◆ What you have to do: From the first line of the entries below through the line bearing "Motion specialists screen", write out each line exactly. Omit pictures.

*** Opening of Data extract ***

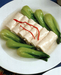 4、青江菜取嫩心部份下鍋加調味料用2杯水煮熟,取出圍繞盤邊。剩余的湯汁以太白粉水及香油勾成芡汁。
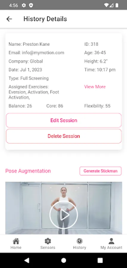 Motion specialists screen a client using the MyMotion Business App. Three targeted exercises are presented as a result of the screening process, processed by the revolutionary MyMotion "human code" and AI.
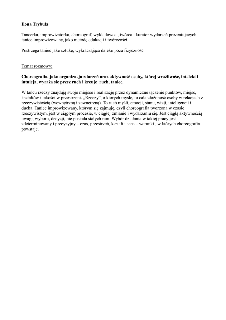 Ilona Trybuła Tancerka, improwizatorka, choreograf, wykładowca , twórca i kurator wydarzeń prezentujących taniec improwizowany, jako metodę edukacji i twórczości. Postrzega taniec jako sztukę, wykraczająca daleko poza fizyczność. Temat rozmowy: Choreografia, jako organizacja zdarzeń oraz aktywność osoby, której wrażliwość, intelekt i intuicja, wyraża się przez ruch i kreuje ruch, taniec. W tańcu rzeczy znajdują swoje miejsce i realizację przez dynamiczne łączenie punktów, miejsc, kształtów i jakości w przestrzeni. „Rzeczy”, o których myślę, to cała złożoność osoby w relacjach z rzeczywistością (wewnętrzną i zewnętrzną). To ruch myśli, emocji, stanu, wizji, inteligencji i ducha. Taniec improwizowany, którym się zajmuję, czyli choreografia tworzona w czasie rzeczywistym, jest w ciągłym procesie, w ciągłej zmianie i wydarzaniu się. Jest ciągłą aktywnością uwagi, wyboru, decyzji, nie posiada stałych ram. Wybór działania w takiej pracy jest zdeterminowany i precyzyjny – czas, przestrzeń, kształt i sens – warunki , w których choreografia powstaje.
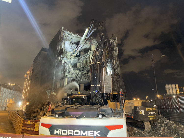 Binanın yıkım çalışmaları, trafiği tehlikeye düşürmemek ve yoğunluk yaşanmaması için gece saatlerinde yapılırken yıkım işlemlerinin bir kaç gün daha süreceği öğrenildi.
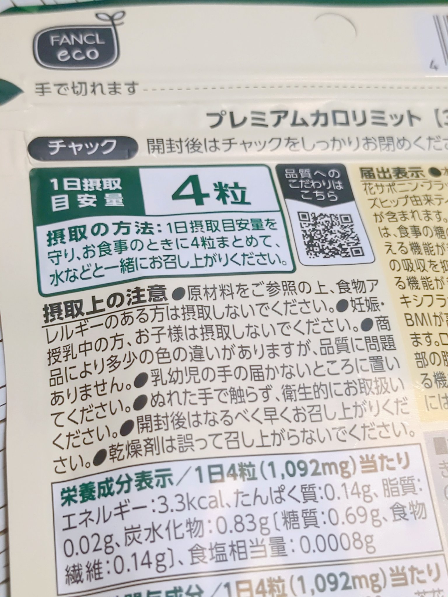 - 【機能性表示食品】 おいしく幸せに食べたい気持ちをサポートするファンケル「カロリミット」ブランドに本気で取り組みたい人に向けた“カロリミット史上最強”の製品が誕生 <お客様の「変わりたい」をサポートする製品設計> カロリミットブランドが持つ、糖と脂肪の吸収を抑える食事サポート機能はそのままに、お客様の変わりたいというニーズをサポートするために、新たに高めの BMI を低下させる機能が報告されている「ローズヒップ由来ティリロサイド」を加えました。 またお通じを改善する機能が報告されている「植物性乳酸菌 K-1(L. casei 327)」を配合。 (届出表示) 本品には桑の葉イミノシュガー・キトサン・茶花サポニン・ブラックジンジャー由来ポリメトキシフラボン・ローズヒップ由来ティリロサイド・植物性乳酸菌K-1(L. casei 327)が含まれます。 桑の葉イミノシュガー・キトサン・茶花サポニンは、食事の糖の吸収を抑える機能、食後の血糖値の上昇を抑える機能が報告されています。茶花サポニンは、食事の脂肪の吸収を抑える機能、食後の血中中性脂肪値の上昇を抑える機能が報告されています。ブラックジンジャー由来ポリメトキシフラボンは、脂肪の代謝を助け消費しやすくする機能、BMIが高めの方の腹部の脂肪を減らす機能が報告されています。ローズヒップ由来ティリロサイドは、BMIが高めの方の腹部の脂肪・体重の減少をサポートし、高めのBMIを低下させる機能が報告されています。 植物性乳酸菌 K-1(L. casei 327)には、お通じを改善する機能が報告されています。 <継続しやすい製剤設計> 当社独自の製剤技術により、目安量の 1 日 4 粒を実現し、お客様に継続して摂取いただけるよう工夫しました。 併せて剤形のコーティング技術により、配合成分が持つ独特の臭いなどを抑え、食事の邪魔をしない設計にこだわりました。 <親しみやすさと高品質な印象を両立したパッケージデザイン> 製品特長が分かりやすく、選びやすいことに加え、カロリミットブランドが持つ明るく親しみやすい印象と上品な金色による高級・高品質な印象の両立にこだわりました。 【アレルゲン(28品目中)】 かに 【ご注意】 ※妊娠・授乳中の方、未成年の方はお召し上がりにならないでください。 ※本品は、特定保健用食品と異なり、消費者庁長官による個別審査を受けたものではありません。 ※疾病の診断、治療、予防を目的としたものではありません。 ※食生活は、主食、主菜、副菜を基本に、食事のバランスを。 9月下旬から順次、一部コンビニエンスストアやドラッグストア、EC モールで先行発売を予定しています。

*** Close of Data extract ***

◆ Response below:
 4、青江菜取嫩心部份下鍋加調味料用2杯水煮熟,取出圍繞盤邊。剩余的湯汁以太白粉水及香油勾成芡汁。
 Motion specialists screen a client using the MyMotion Business App. Three targeted exercises are presented as a result of the screening process, processed by the revolutionary MyMotion "human code" and AI.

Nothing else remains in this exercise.